On The Turntable: Wire's First Three Albums March 28 2018
Between 1977 and 1979, Wire made three astounding albums with all appropriate economy and precision, delivering maximal effect via minimal structure. Not a single superfluous note. Impossible to forget.
Pink Flag remains punk's first and most potent autocritique. 21 songs in 35 minutes. A surly, brutalist piss-take, airless and above all abstemious. No guitar wankery, no sloganeering, no quarter. The lyrics, wayward and gnomic, are quotidian language rendered deeply alien, compressed and explosively suggestive.
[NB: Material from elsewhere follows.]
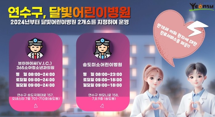 작년 4월 연수구 최초로 지정된 병원인 ‘브이아이씨(V.I.C) 365소아청소년과의원’에 이어 송도동 소재 ‘송도미소어린이병원(최영빈 원장)’을 추가로 지정해 달빛어린이병원은 총 2곳이 운영되고 있다.
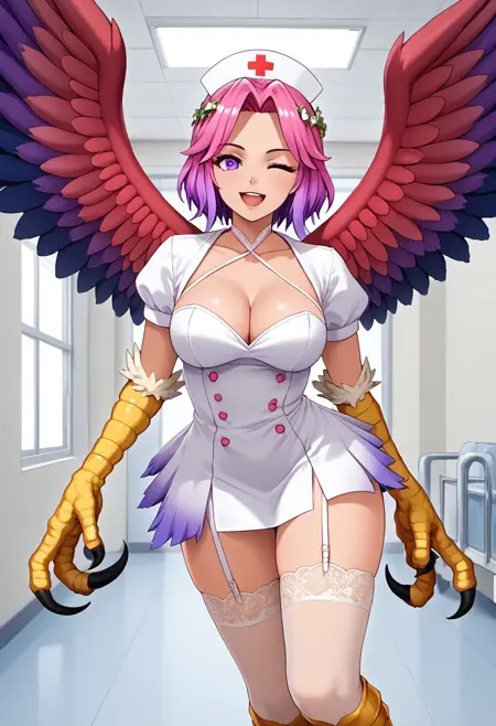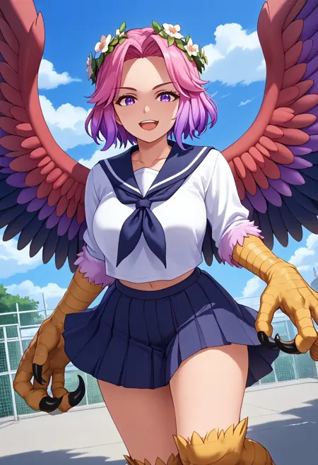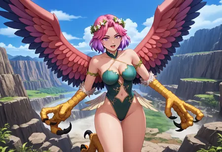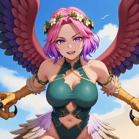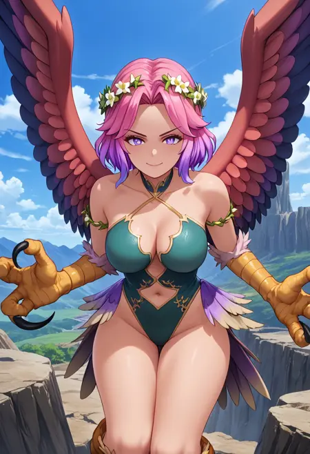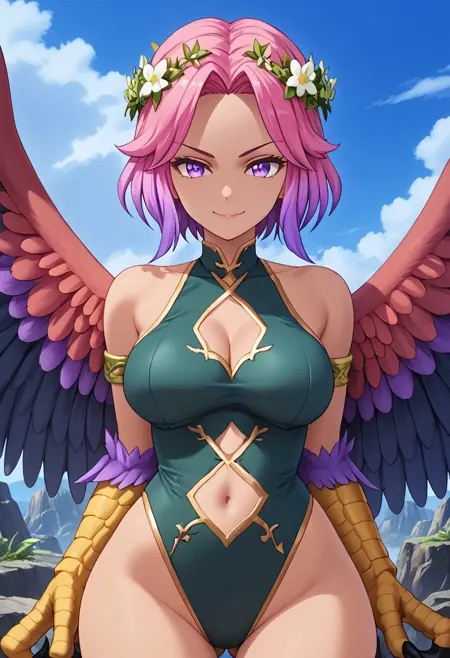 태그: 젠커, 단발, 분홍색 머리, 보라색 머리, 그라데이션 머리, 하르피에, 보라색 눈, 발톱, 펼쳐진 날개, 꼬리 깃, 머리 화환, 발톱, 몬스터 걸, 검은 피부 여성, 녹색 레오타드, 깃털 날개, 동물 손, 다색 날개, 어깨 노출, 배꼽 컷아웃, 새 꼬리, 새 다리,

Confronted with the opaque estrangements of Chairs Missing, a listener might be forgiven for thinking that this is stuff of a different lineage altogether. Wire's sophomore LP takes the monochrome negations of their debut and turns them inside out. In-studio experiments and controlled doses of synthesizer introduce ambience, dissonance and texture into the band's kaleidoscopic sound.
The menacing pointillism of 154 yields some of Wire's most exquisitely harrowing moments of détourned melodic beauty. Oblique freeze-frame explorations of psychology and gesture, position and perception. Songs against themselves. Such an enduringly influential and preternaturally inventive hat trick has hardly been matched, let alone bested, in the years since.
Now Wire's first three records return as timely redeployments, poised as ever to confound expectations and puncture the pompousness of warmed-over rock posturing. Music that is forever ahead of any moment. If these records were to appear tomorrow, for the very first time, Wire would still upend everything we thought we knew. Decades on, we listen more closely than ever before.